И, увидев, как денщик ухмыляется, Вилли спросил: — А чему вы так глупо смеетесь?
— Осмелюсь доложить, это из-за господина капитана.
— Почему? Что сказал господин капитан?
Все еще ухмыляясь, денщик доложил:
— Господин капитан говорит, что господину лейтенанту к глазному врачу нужно потому, что он, наверное, окосел, заглядевшись на какую-нибудь девушку.
И поскольку Вилли даже не улыбнулся в ответ, денщик испуганно добавил:
— Осмелюсь
— Можете идти, — сказал Вилли.
Одеваясь, Вилли обдумывал все фразы, мысленно репетировал интонации, которыми надеялся тронуть сердце дяди.

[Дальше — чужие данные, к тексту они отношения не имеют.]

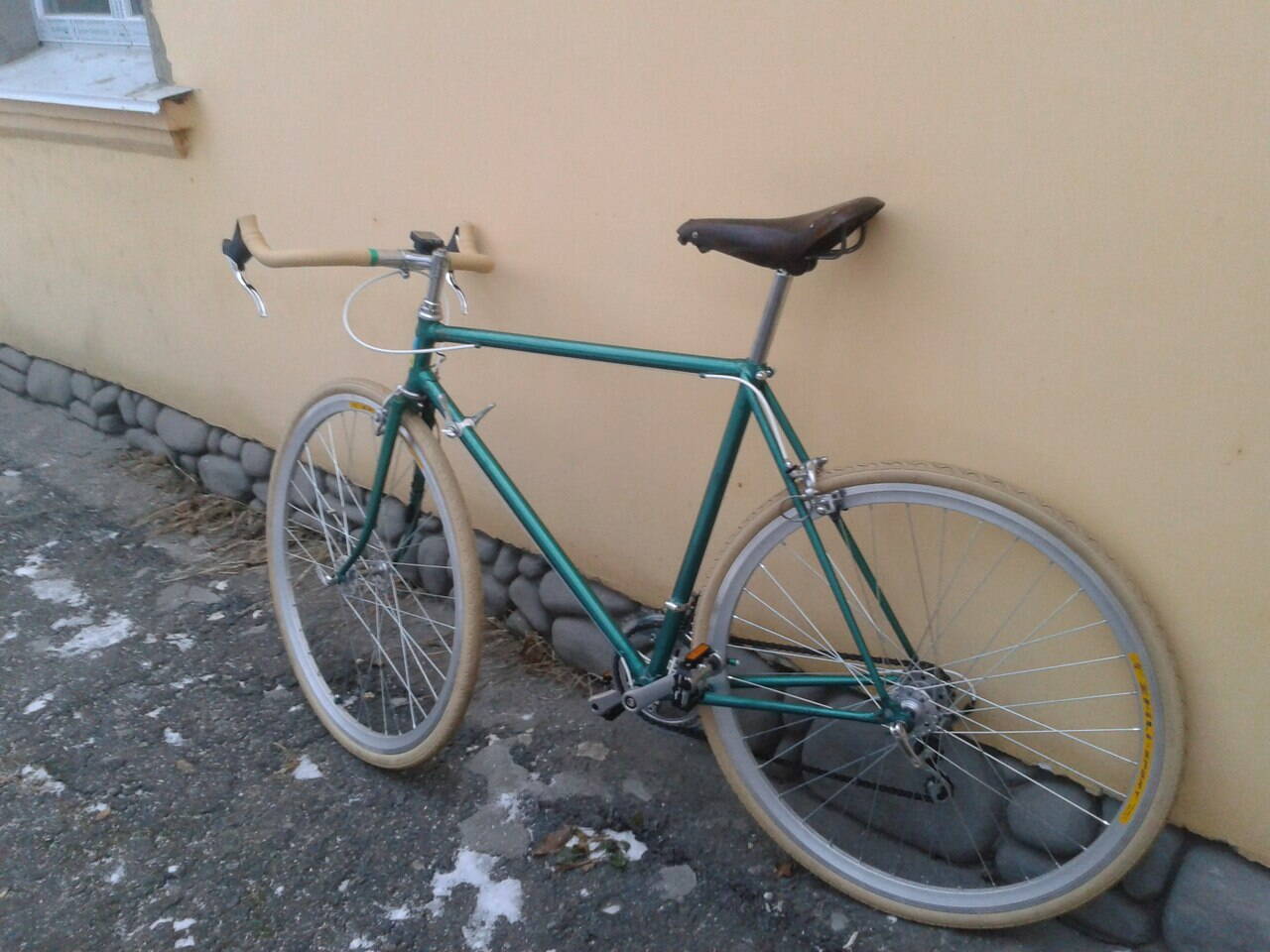 Рама попалась нульцовая,старт-шоссе, еще в бумаге, 90 года, на год младше чем я))) И потом понеслось, каждую детальку куплял в разных городах. Позже посчитав, на те деньги мог купить фирмачего шоссера.
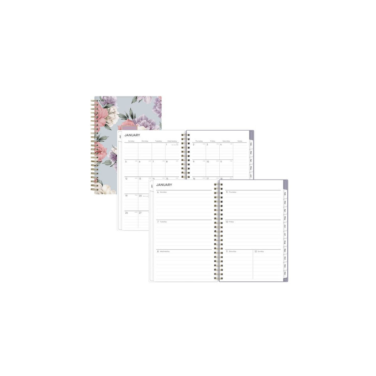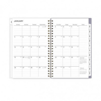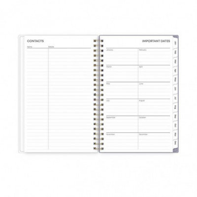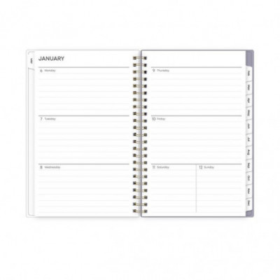 Give your schedule a fresh start and bring order to your busy life with the beautiful Tula Weekly/Monthly Planner. On the cover, its soft floral motif helps inspire peace and tranquility; and inside, a range of planning and scheduling tools help make getting organized easy. Weekly spreads feature an open scheduling format for every day of the week. Monthly spreads provide plenty of space for daily notations and a separate section for capturing important tasks and project details. Each month's durable, coated tab offers quick access to the past, present and future. Six bonus, non-tabbed, past-month spreads run from July through December to help you with your transition into the new year. Additional resources in the back of the book help you plan out your year and keep everything on track. Flexible cover and snag-free twin-wire binding work together to ensure that everything stays neatly together. Thick, premium, acid-free pages prevent your pen's ink from bleeding through. Printed using soy-based inks.

Он не видел его дна года. Сейчас он с трудом мог представить себе не только характер Вильрама, но даже черты его лица. Каждый раз перед ним возникал разный облик, с разным выражением лица, разными привычками, разной манерой разговаривать, и он не мог предвидеть, с каким из них он столкнется сегодня.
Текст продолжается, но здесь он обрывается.